Follicular lymphoma (FL) expert Dr. Jane Winter explains relapsed or transformed follicular lymphoma and outlines treatment approaches for these FL types.
Dr. Jane Winter is a hematologist and medical oncologist at Robert H. Lurie Comprehensive Cancer Center at Northwestern University. More information on Dr. Winter here.
Dr. Winter, what happens if a patient’s follicular lymphoma relapses? What is the approach to treatment?
And so, generally, it’s probably one in five patients whose disease sort of comes back and becomes somewhat problematic requiring repeated therapies where many, many patients have a very kind of indolent course that may require treatment intermittently, but tends to be very amenable to treatment. And then the other point to be made about follicular lymphoma is indeed that a fraction of patients every year will go on to what we call transform. That means their disease acquires and changes biologically or at least a clone of their disease changes and becomes a much more aggressive process similar to a newly diagnosed diffuse large B-cell lymphoma, an aggressive lymphoma.
And these transformations then require treatment as if they were an aggressive lymphoma. And they also, despite being somewhat frightening because of the sense of changing from a low-grade to a more aggressive process, in very many cases, these are well treated with standard, especially in patients who haven’t had prior therapy for follicular lymphoma, which is rituximab (Rituxan), these patients are well treated with our standard treatment for aggressive lymphoma Rituxan CHOP chemotherapy, and do very well.
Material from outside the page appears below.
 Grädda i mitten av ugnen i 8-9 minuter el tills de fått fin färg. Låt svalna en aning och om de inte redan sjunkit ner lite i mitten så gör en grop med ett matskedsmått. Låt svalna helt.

So, even though that sounds like a frightening occurrence, for the vast majority, it’s very treatable.
And patients go into remission and stay in remission for the most part, so it’s not as frightening as it might sound. And how many patients and when do they transform? There’s lots of confusing data. Basically, there’s some data that suggests that the majority of patients transform early in the first five years, whereas other data suggests that it’s sort of every year, patients are at risk so that the longer you have follicular lymphoma, perhaps, the greater the risk overall of this kind of change in the biology. But, as I said, for a good significant number of patients, this is relatively easily treated with standard chemotherapy.
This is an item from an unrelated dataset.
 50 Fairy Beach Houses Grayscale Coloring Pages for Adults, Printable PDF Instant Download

Just another point in terms of potentially curative therapies these days, we’re afraid to use that term in follicular lymphoma because it does have this tendency to sort of keep coming back over time. So, whether any treatment is truly curative remains to be seen. Perhaps a very, very small fraction of patients might be eligible, young patients, for an allogeneic stem cell transplant from someone else. But, this is not commonly pursued these days, as well as a new therapy called CAR T-cell therapy, which is a form of immunotherapy and may indeed be curative.
But at this point, it’s really too early to make a claim of cure with that strategy. But, a very exciting new immunotherapy as well as some other new immunotherapy is something called “bite cells,” which harness our own immune system, much like the CAR-T cells do. So, lots of new things. So, these are exciting times for us as treating physicians and hematologists, but they are exciting times for patients because we have so much to offer.